If patients have complications (e.g., endocarditis, endophthalmitis, renal candidiasis), more prolonged therapy might be required depending upon the site involved.[32]

  • For endocarditis, initial treatment should be with a high-dose echinocandin, or lipid or liposomal amphotericin-B with or without flucytosine.[32]​ Fluconazole can be used as step-down therapy in patients with fluconazole-susceptible Candida, after clinical improvement and clearance of candidaemia is documented. Other azoles (e.g., voriconazole) can be used for step-down therapy if isolates are resistant to fluconazole but susceptible to other azoles. Total duration of treatment is at least 6 weeks, although it can be much longer, especially if there is no surgical intervention or in cases complicated by perivalvular abscesses.[32]​ Despite the lack of powered randomised studies, most literature suggests improved outcomes and decreased mortality in patients treated with surgical intervention in addition to antifungal therapy.
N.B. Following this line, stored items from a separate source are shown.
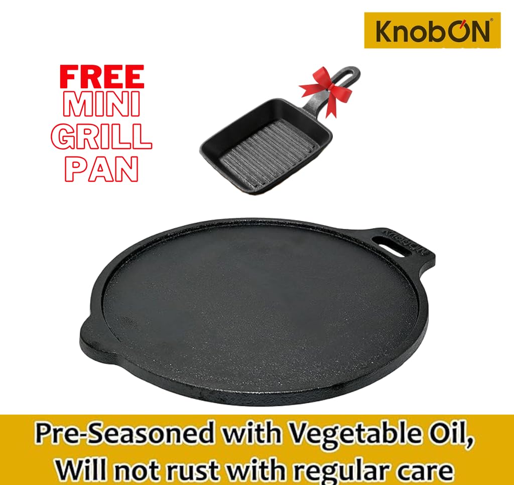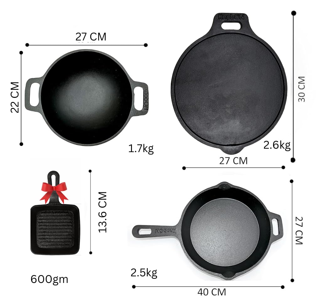 KnobON 7 Layer Pre-Seasoned Cast Iron Cookware Set + Free Mini Grill Pan| Tawa (27 cm)+ Kadai (22cm 1.4L)+ FryPan (26 cm 1.5L) Kitchen Cooking Combo Pots & Pans Set of 4 Pcs, Black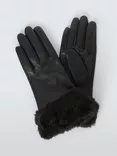 John Lewis Faux Fur Cuff Leather Mittens, Black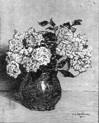 Stilleven met een klein bruin aarden pot, gevuld met...
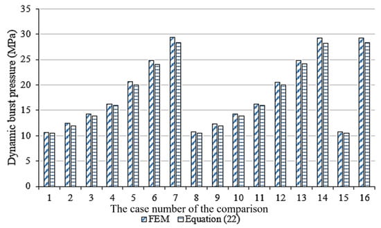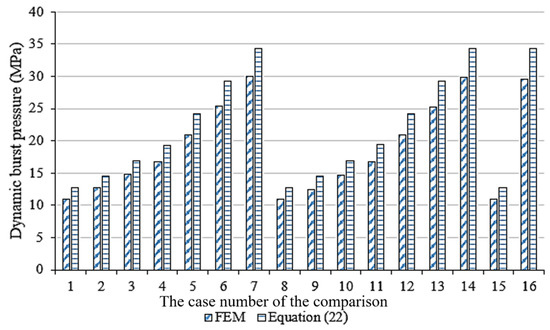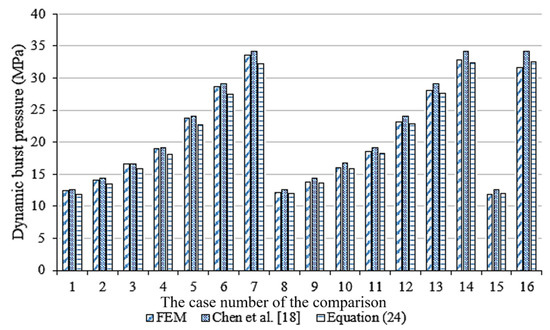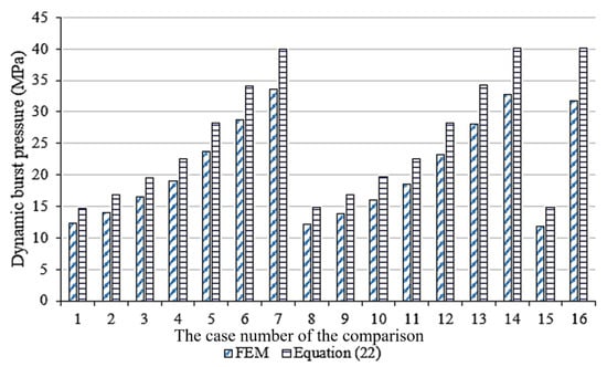 When the cylindrical shell is subjected to explosive load until burst, the spike duration of dynamic pressure pulse td will be shorter than the dynamic burst time tb. The latter is recorded in the solution output file, and can be obtained by post-processing, as shown in Appendix A. The maximum dynamic strain of ASTM A-106B steel is 0.262, and its static ultimate tensile strength σb is 413.7 MPa. Substituting these parameters into Equation (22), the dynamic blast pressure of the cylindrical shell can be calculated.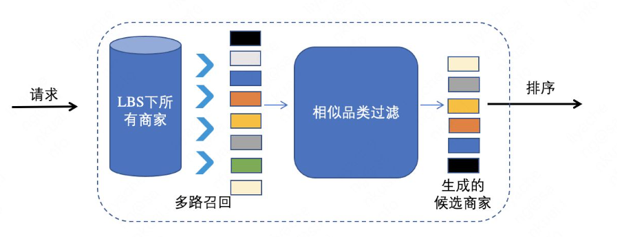 - 利用多个召回算法策略从用户附近召回数百个候选POI商家。

Surgical intervention (valve replacement/repair or vegetectomy) is therefore recommended when possible.[79]​ Antifungals should be continued 6 weeks after surgery. In patients with native valve endocarditis not able to undergo valve replacement, long-term suppression with fluconazole may be considered after completion of 6 weeks of therapy. In patients with prosthetic valve candida endocarditis, chronic suppressive therapy is recommended.[79]

  • Endophthalmitis should be treated with lipid or liposomal amphotericin-B plus flucytosine for infections due to azole-resistant isolates, although fluconazole or voriconazole are preferred in azole-susceptible isolates. The echinocandins may not be useful in this context due to inadequate penetration into the vitreous space.[80] Treatment should be continued for 4 to 6 weeks or longer, depending on clinical response as determined by serial ophthalmological examinations. Vitrectomy should be strongly considered as well, along with intravitreal injection of amphotericin-B or voriconazole in cases of vitritis or macular involvement.[32]​ For cases of chorioretinitis without vitreal involvement, systemic antifungals for 4-6 weeks are recommended.

  • Candida pyelonephritis can be secondary to ascending infection from the urinary tract or haematogenous spread. Fluconazole is the only azole with good concentration in the urine. Pyelonephritis should be treated with fluconazole for at least 2 weeks, with amphotericin-B deoxycholate as an alternative. Another option is flucytosine in combination with amphotericin-B.[20] Surgical intervention may be indicated for source control, especially in the setting of fungal balls. Removal or replacement of nephrostomy tubes or stents should be attempted when these are present. Longer courses of therapy may be needed if there are additional complications. 

Supportive care

If the patient is critically ill with sepsis, he or she may need to be admitted to the intensive care unit and require additional care in the form of vigorous fluid resuscitation. If hypotension persists, vasopressors or inotropes may be required.